Minneapolis Eastern Trestle

• Structure ID: N/A.
• Location: River Mile 853.8.
• River Elevation: 750 Feet.
• Railroad: Minneapolis Eastern Railroad.
• Daily Traffic Count: 0 (Bridge Is Removed).
• Bridge Type: Iron Trestle.
• Length: ??? Feet.
• Width: 3 Tracks.
• Navigation Channel Width: Non-Navigable.
• Height Above Water: ??? Feet.
• Date Built: May 31, 1879.
The most concentrated group of mills in Minneapolis were along either side of present day West River Parkway in the area around Portland Avenue. The Minneapolis & Saint Louis Railway built a railroad track around the south side of the mills. That had the effect of blocking other railroads from gaining access, essentially giving the M&StL a monopoly. Some of the mill owners wanted to break this lock by bringing in other railroads.

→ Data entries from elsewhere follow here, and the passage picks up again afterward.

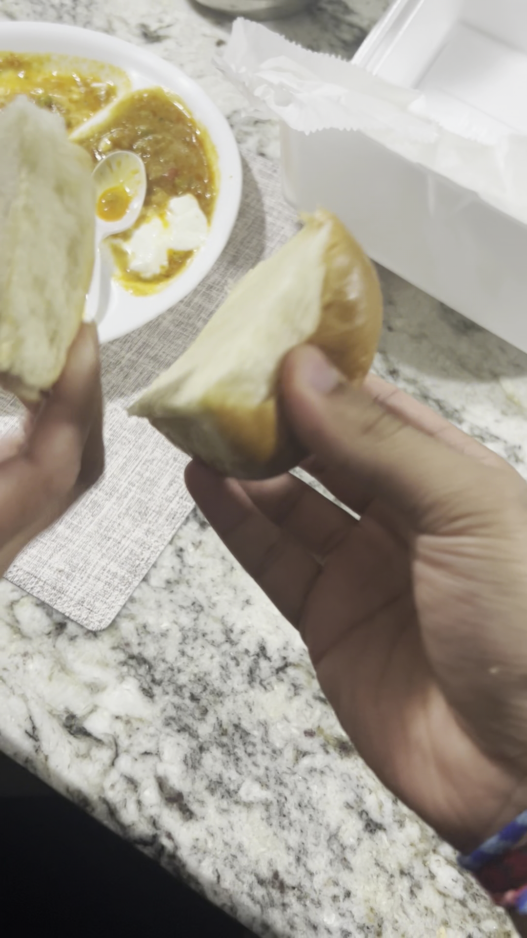 Firstly, the food. Like I said, the papdi chaat tasted fine but there were only 7 pieces (probably the worst value for money you can get in a 25 mile radius). Everything else tasted terrible and was COLD! The pav was cold and stiff and the bhaji was drowning in oil and very spicy (we are very tolerant of spice and did not order spicy). It also had a weird aftertaste. The paneer tikka was probably the driest I’ve ever had and the flavor was very bland. It just got worse from here as the frankie’s were $12 each and the size of a roti roll. As you can see from the images, it is paper thin. And it gets better. After already eating 2 of them, we found out there were very very tiny pieces of foil in the cheese! We use Amul cheese at home so we know how the foil looks and if you look closely, you can see it in the pictures. If the cooks are wearing gloves, why can’t they use their gloves to hold it and remove the foil to shred? Perhaps they do not wear gloves.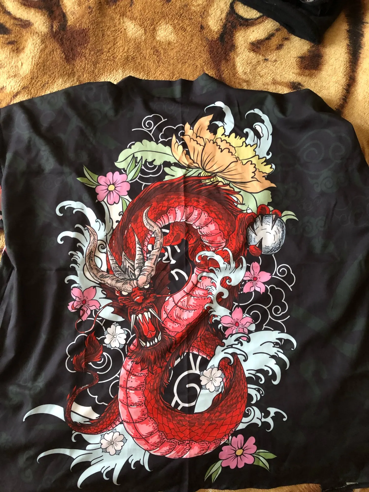 Красивое кимоно, смотрится очень эффектно. Ткань приятная на ощупь, только сильно электризуется. Рисунок четкий и яркий, прошито все качественно и аккуратно. На мой взгляд, не хватает пояса, но за свои деньги очень классная вещь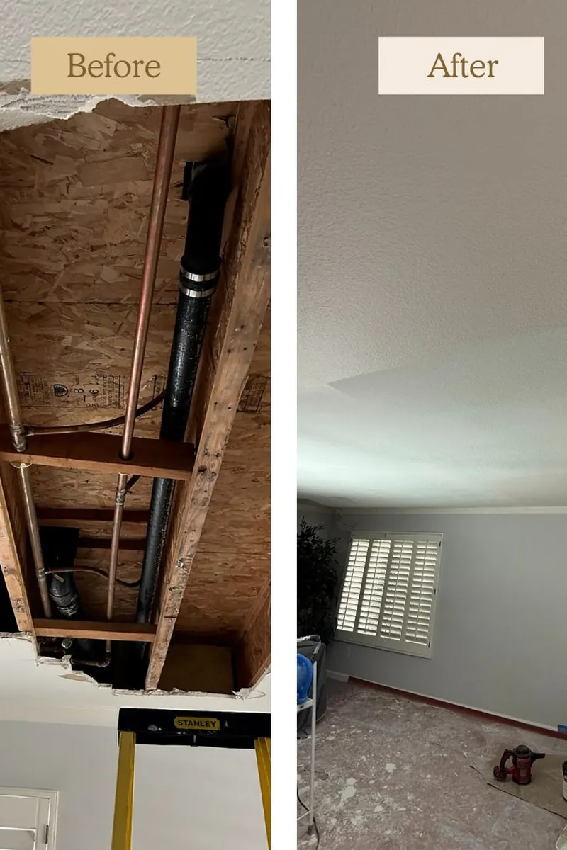 A soft spot in the drywall looked like it would worsen; their sheetrock repair was detailed, and they didn’t rush drying so the fix settled perfectly with an even texture.

The Minneapolis Eastern Railroad was incorporated on June 17, 1878 to put in a line between the mills and the Mississippi River. This was a joint venture between the Chicago, Milwaukee and St. Paul Railway and the Chicago, Saint Paul, Minneapolis, and Omaha Railway. The rail line connected near the present day Warehouse District and ran in a narrow band between the Minneapolis & Saint Louis and the Great Northern tracks coming off of the Stone Arch Bridge. From there, the tracks were on an elevated trestle that runs over top of the present day Mill Ruins Park. This bridge was the only way to get the rail cars to the mill, and it was an innovative solution. The result is that any railroad could service the mills by interchanging their rail cars onto either of the two controlling railroads.

The Minneapolis Eastern was not a very large railroad despite the critical role it played in the milling district. As of 1919, it had 1.399 miles of first main line, 0.215 miles of second main line, and 2.137 miles of yard track and sidings. It owned 2 steam switching locomotives. The trestle section in front of the mills was about 1,000 feet long. The trestle was rebuilt in 1890.

The milling industry went into decline in Minneapolis as water power become less critical. The water power system was converted to generate electricity. I haven't determined when the Minneapolis Eastern stopped operations, but I do know that the southern have of the trestle was torn down in 1941, and the northern half was removed in 1962 to make way for the lock and dam project. The area was backfilled to cover up the water power canal and mill tailraces. The trestle legs were simply cut off at ground level, where ever that happened to be after the backfill was hauled in. The ruins were rediscovered when Mill Ruins Park was developed.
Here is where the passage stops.